--- MATERIALS PROVIDED ---

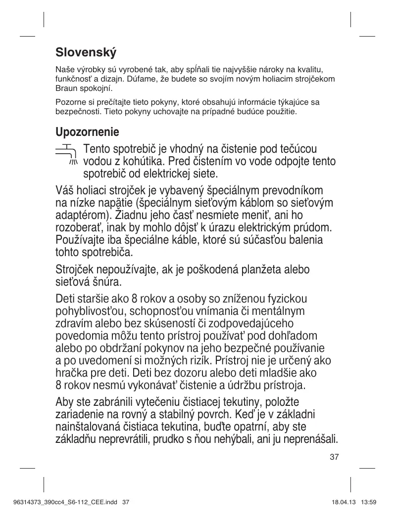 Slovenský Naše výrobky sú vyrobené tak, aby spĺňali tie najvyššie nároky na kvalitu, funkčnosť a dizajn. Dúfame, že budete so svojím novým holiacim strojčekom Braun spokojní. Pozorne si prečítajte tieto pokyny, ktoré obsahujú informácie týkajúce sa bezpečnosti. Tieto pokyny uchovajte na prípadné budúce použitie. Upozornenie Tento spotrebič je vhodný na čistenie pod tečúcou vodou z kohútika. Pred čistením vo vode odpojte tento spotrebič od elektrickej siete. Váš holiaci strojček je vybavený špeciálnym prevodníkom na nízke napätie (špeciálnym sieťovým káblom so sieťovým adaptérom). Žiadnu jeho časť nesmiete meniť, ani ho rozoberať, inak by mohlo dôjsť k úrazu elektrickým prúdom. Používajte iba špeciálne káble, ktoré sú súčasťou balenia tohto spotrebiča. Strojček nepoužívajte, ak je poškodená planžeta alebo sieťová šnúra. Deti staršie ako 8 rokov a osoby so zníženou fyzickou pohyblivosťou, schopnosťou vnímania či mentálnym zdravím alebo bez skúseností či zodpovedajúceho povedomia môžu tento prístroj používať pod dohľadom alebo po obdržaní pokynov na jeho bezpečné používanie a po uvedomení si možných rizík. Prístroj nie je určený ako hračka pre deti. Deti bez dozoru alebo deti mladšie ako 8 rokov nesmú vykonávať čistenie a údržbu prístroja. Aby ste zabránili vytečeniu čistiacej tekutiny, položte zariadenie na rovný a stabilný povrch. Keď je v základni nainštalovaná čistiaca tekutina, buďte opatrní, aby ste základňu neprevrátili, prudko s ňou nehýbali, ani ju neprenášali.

--

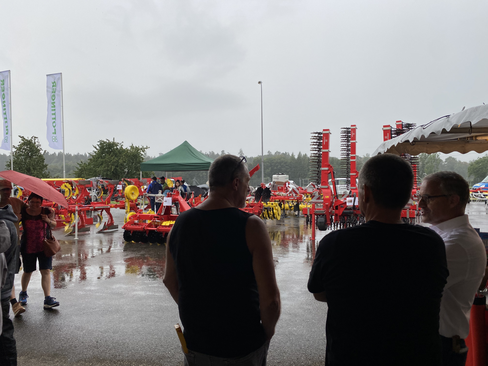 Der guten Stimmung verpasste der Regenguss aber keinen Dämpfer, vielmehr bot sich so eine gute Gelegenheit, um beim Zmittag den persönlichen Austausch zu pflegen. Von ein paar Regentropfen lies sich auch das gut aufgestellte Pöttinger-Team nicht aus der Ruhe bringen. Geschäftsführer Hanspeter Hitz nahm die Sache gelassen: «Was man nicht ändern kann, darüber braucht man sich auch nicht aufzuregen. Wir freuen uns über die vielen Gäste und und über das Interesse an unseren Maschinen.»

...

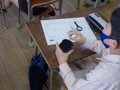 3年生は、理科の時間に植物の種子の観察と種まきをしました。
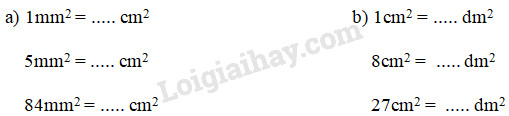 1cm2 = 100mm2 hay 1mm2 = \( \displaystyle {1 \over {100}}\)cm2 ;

--- EXERCISE DESCRIPTION ---
The output is the stretch above from the line with "3年生は、理科の時間に植物の種子の観察と種まきをしました。" through the line with "1cm2 = 100mm2 hay 1mm2 = \( \displaystyle", copied word for word with both ends kept and every picture dropped.

--- SOLUTION FOR THIS PROBLEM ---
 3年生は、理科の時間に植物の種子の観察と種まきをしました。
 1cm2 = 100mm2 hay 1mm2 = \( \displaystyle {1 \over {100}}\)cm2 ;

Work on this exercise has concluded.